Jharrel Jerome interview: ‘I’m a Virgo’

“Funny enough, Boots sent me the idea through an email. So I woke up one morning in my hotel room to an email that says, ’13-foot-tall Black man in Oakland,'” remembers Jharrel Jerome about the initial pitch for the satirical series “I’m a Virgo” from creator Boots Riley. “That will get you up out of bed real quick. And a week later he came to my hotel and pitched the entire idea to me, and I was kind of blown away.” Watch our exclusive video interview with Jerome above.

“I’m a Virgo” stars Jerome as Cootie, a 19-year-old boy from Oakland, California, who happens to be 13 feet tall. After being kept isolated all his life by his protective aunt and uncle (Carmen Ejogo and Mike Epps), he ventures out into the world for the first time and discovers love, friendship, danger and inequality. But to create the illusion of a giant Cootie, Riley told Jerome, “We’re shooting practical. This is all forced perspective. We’re going to build miniature sets around you. We’re going to make a giant doll of you, and we’re going to pull all these tricks together so that the eye can believe that you’re tall.” When Jerome heard that, he “got more scared,” but “as an actor, that’s probably the most exciting thing you can do before you get a role is know that you’re going to enter a challenge that you have never been through before. So I was down.”

Using forced perspective did present a major acting challenge, though. Jerome was never able to look his co-stars in the eye during scenes with them. But when playing a character who feels alone and out of place, “it helped all the way.” For instance, for scenes set in Cootie’s room at home, “they built a small scale version of it and a large scale version of it. So for me, I was the only one in that small, tiny house” while his fellow actors were “in the big room just in-between takes laughing and having a good time and making jokes, and I gotta stay in my room and just wait for the next take.
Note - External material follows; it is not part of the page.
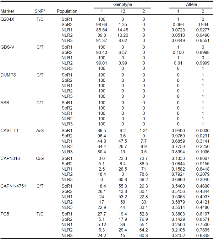 Allele segregation identified a strong influence from markers CAPN1-316 and CAST-T1 in differentiation between the northeast and northwest herds (Figure 2). It also indicated variability for the analyzed loci to be lowest among the two northwest herds.

So that definitely fed into Cootie’s isolation and his loneliness on top of him not really understanding what’s going on ever.”
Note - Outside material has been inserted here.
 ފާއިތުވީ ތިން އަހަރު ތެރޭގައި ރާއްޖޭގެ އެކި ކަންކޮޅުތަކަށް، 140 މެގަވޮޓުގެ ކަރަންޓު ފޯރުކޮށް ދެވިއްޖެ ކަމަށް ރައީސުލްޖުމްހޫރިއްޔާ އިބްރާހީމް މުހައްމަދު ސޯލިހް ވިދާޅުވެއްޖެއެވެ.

As for the 13-foot-tall Cootie they built for the shoot, “Everybody else was terrified of it … I don’t know if it’s an ego thing, but I was obsessed with it. I was like, this is big me, you know? I want to keep it. I want to bring it to my place.” It’s certainly not a typical experience for an actor. “You don’t ever think that there’ll be money put into a 13-foot-tall silicone wax version of you. Ever. So it definitely was like a gift.”